Dalam kata-kata Liberman: "itu adalah peralihan dari ketiadaan makna ke makna ketiadaan."

• Katakan halo, bukannya selamat tinggal: M. White, seorang pionir terapi naratif,
mempertanyakan kecenderungan psikoterapi modern yang mendekati kesedihan dengan
metafora ''mengucapkan selamat tinggal'', yang menyiratkan tidak hanya mengucapkan selamat
tinggal tetapi juga mengecualikan, sesuatu yang tidak semua orang yang berkabung bersedia
melakukannya. . White merekomendasikan untuk mengganti metafora mengucapkan selamat
tinggal dengan menyapa lagi, yang berarti mengintegrasikan orang yang hilang ke dalam hidup
kita, di tempat lain, dan dengan makna lain. Bagi White, suatu hubungan tidak berakhir dengan
kematian, melainkan hanya diubah.

*Nyonya M. Suaminya menderita kanker. Dia dan anak-anaknya memutuskan untuk tidak
memberitahukan kepadanya tentang penyakitnya, untuk menghindari penderitaan lebih lanjut, sampai
dia meninggal. Belakangan, keputusan untuk tidak memberitahunya menjadi kesalahan yang membuat
mereka merasa bersalah. Setelah kematiannya, baik dia maupun anak-anaknya tidak membicarakan hal
tersebut atau menunjukkan rasa sakit mereka. Dengan demikian, kita melihat bagaimana penyangkalan
terhadap kematian, di satu sisi, mengarah pada menyembunyikan penyakit dari suami dan, di sisi lain,
membuat perjanjian implisit untuk diam tentang kematian. Perilaku yang terkait dengan serangan panik
dan penyalahgunaan alkohol tampaknya merupakan pelampiasan alternatif dan patologis dibandingkan
dengan kesedihan normal yang tidak memiliki saluran ekspresi.

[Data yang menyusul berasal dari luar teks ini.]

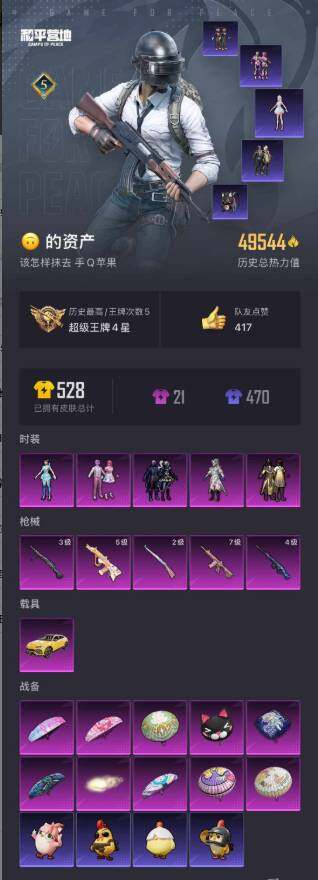 【A1254】苹果 【满级心之恋语】手Q-5粉装-5特效枪-1载具-1粉色飞行器-49569热力值-5王牌印记-135套装-140枪皮

Ada dua tugas yang dilakukan: mendefinisikan kembali rasa bersalah dan kesedihan, dan menghasilkan
ritual keluarga yang memungkinkan almarhum suami diintegrasikan dari posisi lain dalam fungsi
keluarga. Mereka memilih pergi ke pekuburan bersama-sama menemui ayah mereka, dan disana
mereka hanya berbincang dan menangis tanpa hambatan. Mereka memutuskan untuk memasang potret
dirinya di ruang tamu rumah. Kembali ke rumah, mereka terus berbicara tentang ayah mereka, mereka
telah mengatasi rasa takut akan penderitaan mereka sendiri dan orang lain. Saat itu, kesedihan sudah
dialihkan ke proses normal, yang hanya membutuhkan pendampingan.